Mr. GUTHRIE:—I came here with my colleagues representing a Southern State. I have had full and free communication with the people of all portions of the South, before, during, and since the election of the sixth of November, and I state here, that I have never dreamed that there was the slightest objection anywhere to the inauguration of Mr. Lincoln. To-day is the first time I ever heard the question raised, and yet I do not believe that any such objection now exists.

It is said that this is not a fit time to hold such a conference—not a suitable time to consider the questions now before us. Is there any reason why we should not consider the rights of any section of the country, whether a President is going out or coming in? As one delegate I will not consent to postpone the action necessary to secure our rights for any such reason as this.

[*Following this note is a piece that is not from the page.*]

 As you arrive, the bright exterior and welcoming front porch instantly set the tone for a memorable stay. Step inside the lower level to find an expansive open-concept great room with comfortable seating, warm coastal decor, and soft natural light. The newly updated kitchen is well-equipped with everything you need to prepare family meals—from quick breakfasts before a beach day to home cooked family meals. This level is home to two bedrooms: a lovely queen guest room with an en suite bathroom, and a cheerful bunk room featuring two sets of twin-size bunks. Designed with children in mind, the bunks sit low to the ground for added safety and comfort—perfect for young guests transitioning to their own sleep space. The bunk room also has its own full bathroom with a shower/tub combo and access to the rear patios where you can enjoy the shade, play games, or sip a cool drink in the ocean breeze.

Now, as to this question of slavery in the Territories. It is true that the Supreme Court has decided it in favor of the South. It is equally true that parties have repudiated that decision both in platforms and on the stump.

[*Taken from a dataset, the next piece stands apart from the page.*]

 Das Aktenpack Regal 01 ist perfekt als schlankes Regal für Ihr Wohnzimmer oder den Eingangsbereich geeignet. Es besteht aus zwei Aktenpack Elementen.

When territory has been acquired by the blood and treasure of the common Union, you cannot exclude one portion of the cestuis que trust from its rights. The Supreme Court so decided, and its decision was just and equitable.

At the South, we ask for our rights under the Constitution. We say, let all questions which affect or concern them be decided. The gentleman from Massachusetts says he will not give them up, that his State will not yield. Well, if this is so, let us go to the ballot box. If the question is decided in the gentleman's favor there, we know how to take care of ourselves.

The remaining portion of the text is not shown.